= Johannes Handschin =

Swiss artist (1899–1948)

Silvaplana
1934

Johannes Handschin a.k.a. Hans Handschin (1899–1948) was a noted Swiss artist and one of the leaders of the Basel graphic art movement known for their art deco posters.

Emil Cardinaux was one of the first Swiss artists to produce posters. His minimalist style and use of bold colours was used to promote Swiss skiing resorts. Artists that followed his lead and laid the groundwork for this new art form were Augusto Giacometti, Otto Morach, Carl Moos, Burkhard Mangold, Walther Koch and Otto Baumberger.
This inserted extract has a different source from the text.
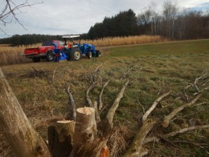 Since we have a wealth of branches to be run through the chipper in that area, I’m planning to bring the tractor back there anyway, so I figure the hydraulic power of the loader might be the solution to moving the heavy sections of that tree trunk.

In 1925 Handschin was inspired by the transmission wheel poster of Niklaus Stoecklin (1896–1982), who had a passion for airbrushing objects, free of ornamentation, to express the perfection of the 'Machine Age' and using the technique as a substitute for photography in advertising consumer goods. This marked the start of the SachPlakat Basel school centered on the printer "Wassermann". During the 1930s to 1950s, hyperrealist poster artists such as Hans Handschin, Herbert Leupin, Peter Birkhäuser, Fritz Bühler, Max Dalang and Donald Brun produced a great number of lithographic posters depicting products created by Basel manufacturers, and whose works were characterised by a rich palette of colours and flawless printing.